I encountered Yann Martel’s Life of Pi with a chip on my shoulder, determined not to like it. A controversy whirled around it, not just because the premise was almost identical to Moacyr Scliar’s Max and the Cats, but because Martel -- though freely acknowledging the inspiration -- had been a total dick about it.
“Why put up with a brilliant premise ruined by a lesser writer?" Martel had said by way of explaining why he’d never read Scliar’s brilliant little book but took its idea for his own.
As an admirer of Scliar’s, I was disgusted by Martel and went into the pages of Pi looking for evidence of the lesser writer. What I found instead was a beautiful story that hooked me from the go: I loved the writing if not the writer.

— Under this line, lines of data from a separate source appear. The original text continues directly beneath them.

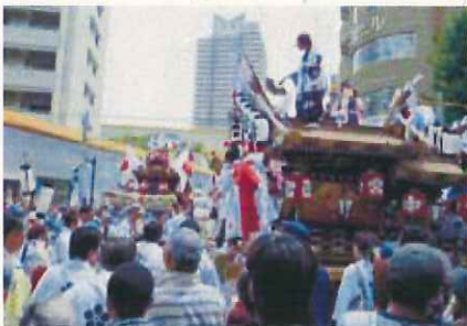
瀬のだんじり祭り

伝統行事への参加を通じて、青少年が地域への愛着や地域とのつながりを感じられる機会を支援し、また、「地域全体での青少年の育成」を行います。
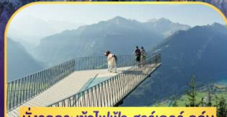
นั่งรถกระเช้าไฟฟ้า ชาร์เตอร์ ดูล์ม
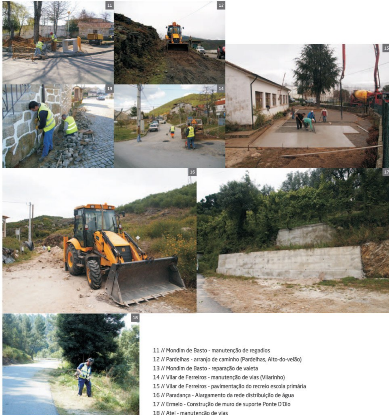
11 // Mondim de Basto - manutenção de regadios 12 // Pardelhas - arranjo de caminho (Pardelhas, Alto-do-velão) 13 // Mondim de Basto - reparação de valeta 14 // Vilar de Ferreiros - manutenção de vias (Vilarinho) 15 // Vilar de Ferreiros - pavimentação do recreio escola primária 16 // Paradaça - Alargamento da rede distribuição de água 17 // Ermelo - Construção de muro de suporte Ponte D'Olo 18 // Atei - manutenção de vias
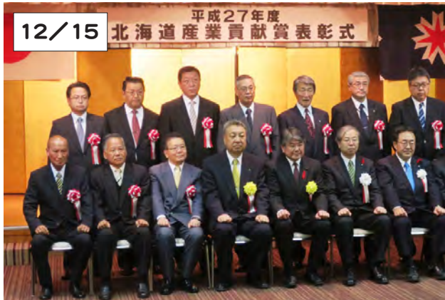
道産業貢献賞表彰式に出席した丸山さん(前列左から2人目)

And when I heard a movie was to be made of it, I was taken aback: What could this story about spirituality, about such a personal journey, render visually besides, well, a shipwrecked boy and a tiger on a boat? A story about loss -- and Pi loses everything: his family, his country, his purpose -- is marked by absence.
Forgive me my lack of imagination: Director Ang Lee and cinematographer Claudio Miranda have opened up this very insular story with a stunning visual palette. Indeed, it’s the best and most assured use of 3-D I’ve ever seen. There are so few of the usual attention grabbers and so many utterly breathtaking moments. The ocean itself, water, is almost a universe in itself: a peach colored mirror, a sky crowded with constellations, a tomb, a glass partition between life and death, earth and heaven. It’s a place of plenty and a black hole, a torment and cradle of divine grace.
And that tiger! Such a relentlessly unsentimental, un-Disneyed tiger -- the most discomforting source of comfort for Pi on his journey. A combination of CGI and footage of four different tigers, Richard Parker -- as he’s called -- is never Pi’s friend, is always savage and aways at least vaguely threatening (though Lee and Miranda keep most of the carnage offstage and at a distance, letting us experience the horror of it mostly through the terror on Pi’s face). Richard Parker is a carnivorous jungle beast, but one with a soul -- a soul whom Pi’s vegetarian Hindu/Catholic/Muslim soul recognizes.
The story is told in three parts and through a frame: the adult Pi tells a visiting writer the tale of his survival, a story the writer’s been told “would make you believe in God." So we know from the go that Pi survives, stealing a bit of tension from all the scenes in which Pi the castaway seems about to lose his battle with the elements.
The first part is set up and, in retrospect, sometimes feels like a different movie. Pi and his family live in Pondicherry, India, where his father is zoo keeper. His father is a man of reason, his mother a Hindu who inculcates her religion in her sons but is also open-minded enough to accept Pi’s interests in Catholicism and Islam. In fact, he practices all three, not by reconciling them but by accepting their specific beauties. Then his father decides to sell the zoo animals and move the family to Canada.
The second part is the 227 days that PI is lost at sea with Richard Parker, an epic adventure of survival and faith, after the ship his family is on sinks.
And the third and shortest -- and slowest -- segment comes after the rescue, when Pi is questioned by Japanese authorities about the shipwreck that set him on his course. The movie, like the book, ends with a question, less about what really happened out in the water than about our own natures. But in the movie, Suraj Sharma, the young actor who plays Pi, tips the answer in a different direction than the book. It's a subtle but significant shift, and in some ways, alters the movie's meaning.
I won’t spoil it for you. Read the book, see the movie. We can go get a cup of coffee later and talk about it.